Прощай, Омск! Драчёвым предстоял переезд в Ново-Николаевск. Непредвзятую и объективную характеристику написал Павлу Ивановичу в дорогу начснабокр Руднев. Помимо хвалебных фраз про то, как он сил не жалеет, дисциплинирован, аккуратен, в работе усидчив и по его способностям нужно предполагать в будущем вполне самостоятельного работника, там попадались и такие любопытные пассажи: «большой законник, порой даже формалист», «хромает способность военным языком выражать свои мысли», «до крайности самолюбив» и — о ужас! — «марксистски развит недостаточно». Что тут поделаешь, если произведения русских писателей-классиков Драчёв глотал куда охотнее, чем несъедобные труды классиков марксизма.

Ново-Николаевск после Омска производил худшее впечатление: мощеных дорог почти нет, кругом грязища, здания в основном уродливые, на Николаевском проспекте лишь сияет своим величием Александро-Невский собор в неовизантийском стиле, с недавних пор принадлежащий обновленцам, а сам проспект уже никак не Николаевский, а Красный, и ходят слухи, что и город скоро переименуют в Красносибирск.

Поначалу их поселили на улице Революции, бывшей Дворцовой, в красивом здании гостиницы «Метрополь», в длинном узеньком номере, пообещав вскоре переселить в большую квартиру. Оказалось, это даже не отдельный номер, а комната в номере, разделенном фанерными стенами на три части. И хорошо еще, что им досталась не середина, а бок, у которого правая стена все же каменная. Слышно лишь соседа слева, ночью у него долго звучал женский смех, потом недолго скрипела пружинная кровать, раздавалось тихое «ах!» и все умолкало.

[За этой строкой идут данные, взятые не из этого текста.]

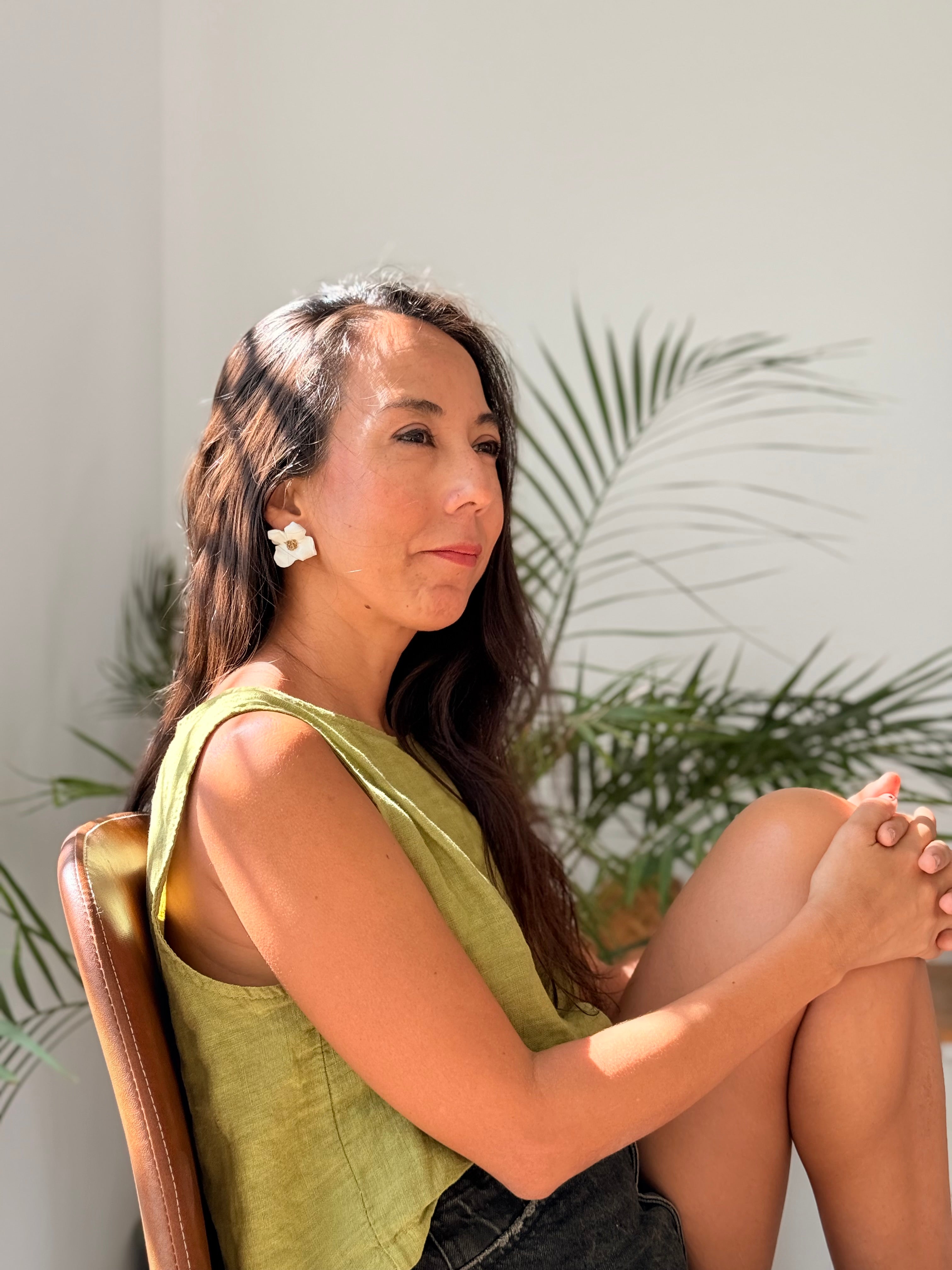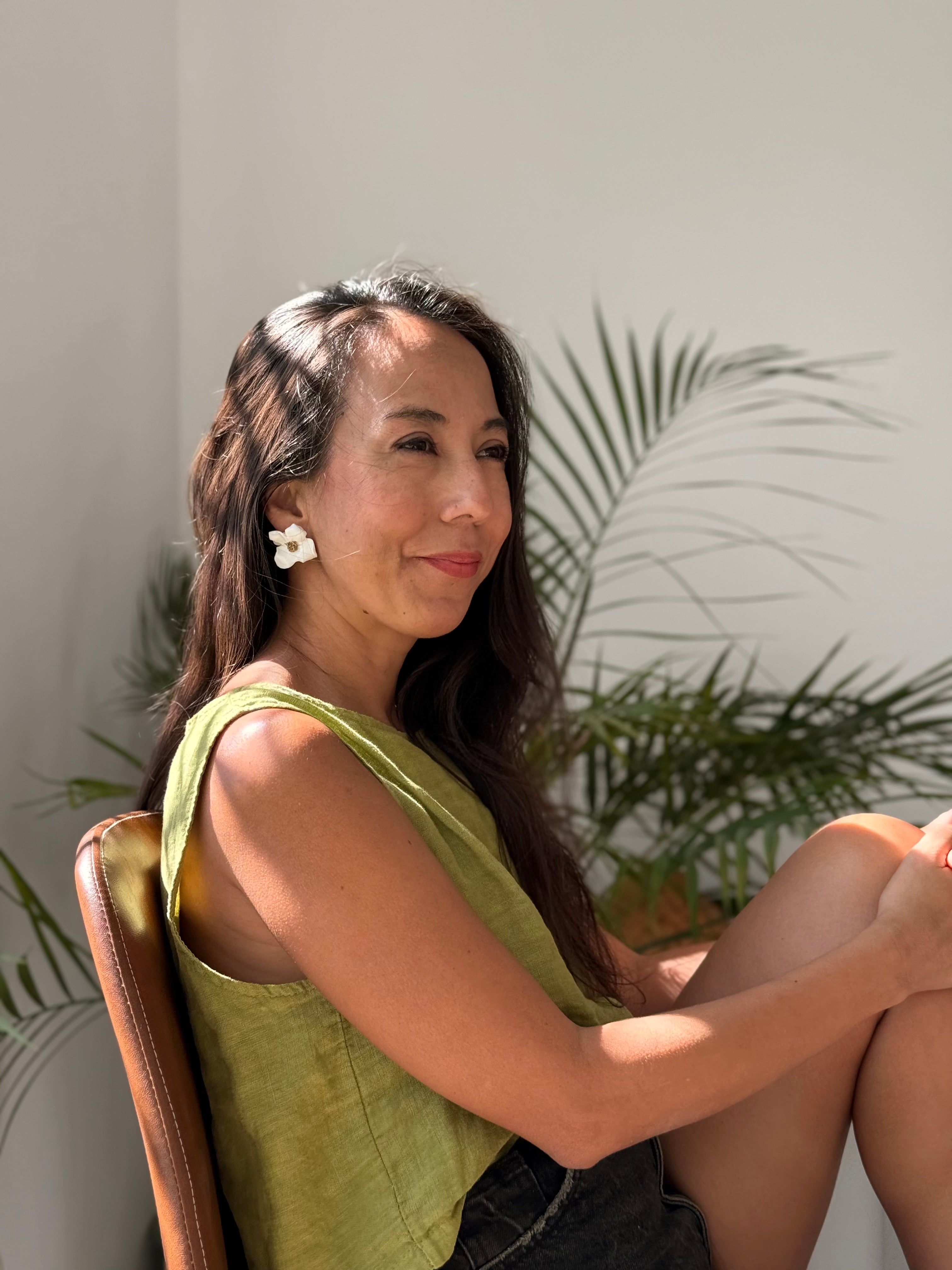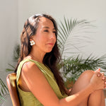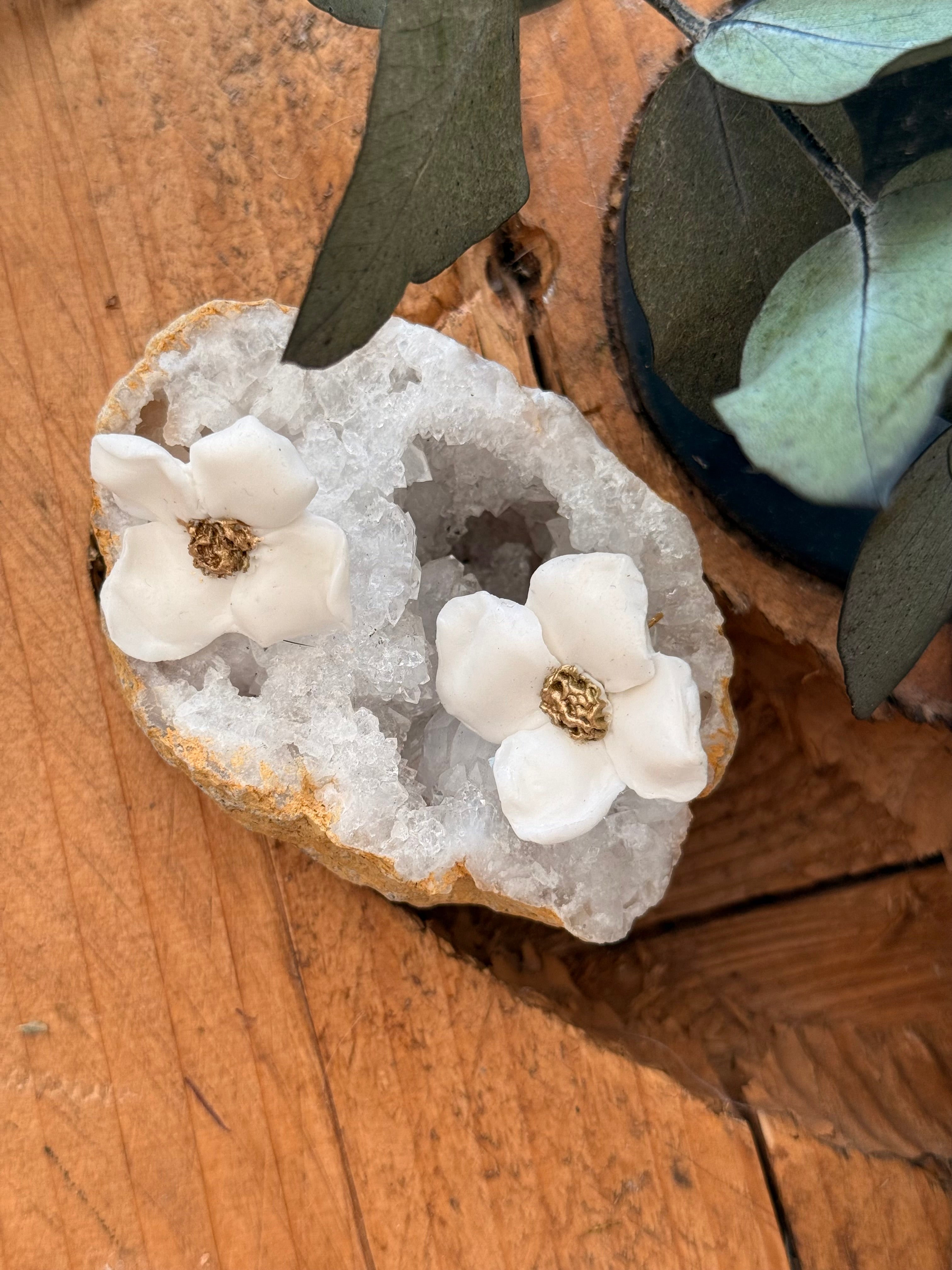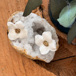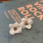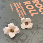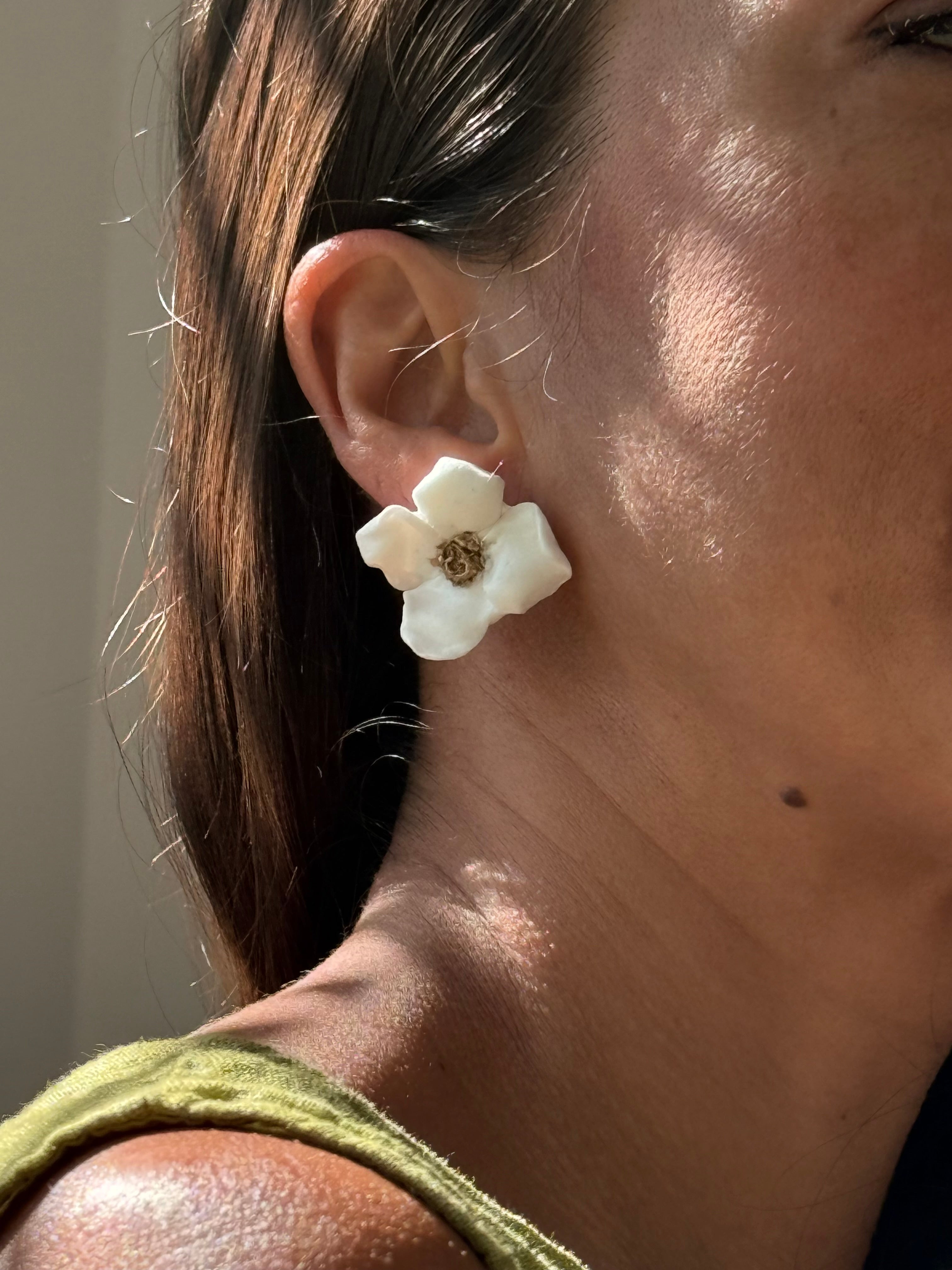 Amina es un pendiente tipo botón formado por una flor modeladas a mano en porcelana fría. Cada flor blanca está delicadamente rematada con toques dorados que aportan calidez, luz y una sutil sofisticación al rostro.

В первое утро этот сосед, по фамилии Милованов, пришел знакомиться, а познакомившись, спросил:

— Ленинские кирпичи уже купили? — И показал некое подобие колоды игральных карт, только вместо изображений королей, дам, валетов, тузов и цифр на них красовалось: «Кирпич на Дом памяти В.И. Ленина. 10 коп.». Решением бюро новониколаевского губкома РКП(б) выпускаются бон-карточки на изыскание средств для строительства здания-памятника «Дом Ленина». Есть у вас такие?

— Еще нет.

— Тогда с вас за двоих двадцать копеек.

— А с меня не положено по беременности, — сказала Мария.

— В таком случае десять.

Пришлось раскошелиться.

— Откуда ты знаешь, что с тебя не положено? — удивился Павел, когда Милованов удалился.

— Просто так ляпнула. Но, как видишь, сработало.

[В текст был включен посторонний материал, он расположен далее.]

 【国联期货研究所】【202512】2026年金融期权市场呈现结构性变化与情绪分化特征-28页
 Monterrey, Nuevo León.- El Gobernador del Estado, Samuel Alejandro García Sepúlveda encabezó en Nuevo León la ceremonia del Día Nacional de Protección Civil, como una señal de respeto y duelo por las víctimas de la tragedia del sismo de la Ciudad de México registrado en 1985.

— Ну, ты у меня и хитрая же лиса!

— А то!

И они отправились на Красный проспект, где располагался штаб Сибирского военного округа. У входа висел транспарант: «Летать ты вовсе не обязан — Сиблета членом должен быть!» Причем первая половина откололась и повисла, наглядно показывая, что летать вовсе не обязательно.

— Сиблет это что? Сибирское лето? — спросила Мария.

Потом выяснилось, что это лётный клуб, собирающий средства на создание в Ново-Николаевске собственной авиации.

Начальником СибВО тогда являлся начдив Ян Петрович Гайлит, добродушный латыш, у которого глаза начинались сразу под бровями, без век, а на переносице сидело пенсне. Он пообещал как можно скорее решить жилищный вопрос и распорядился накормить нового комиссара ВХО и его жену в столовке, где им подали гороховые сосиски.

Так начиналась их долгая жизнь в городе на Оби.

Пешком от «Метрополя» до СибВО минут сорок. В городе уже имелось автобусное сообщение — два старых трехтонных грузовика «Уайт» с прикрепленными к ним легкими кузовами на дюжину пассажиров. Но цена обжигала кипятком — десять рублей за каждого! Сто ленинских кирпичей! С ума сошли, что ли? Зато есть ноги, и они бесплатные. Правда, с приездом Драчёвых город решительно взялись мостить, и всюду шли работы, там и сям приходилось перепрыгивать через кучи камней, особенно как раз на Красном проспекте. А добродушный Ян Петрович никак не спешил их переселять поближе к СибВО, и приходилось по ночам слушать миловановские скрипы и ахи.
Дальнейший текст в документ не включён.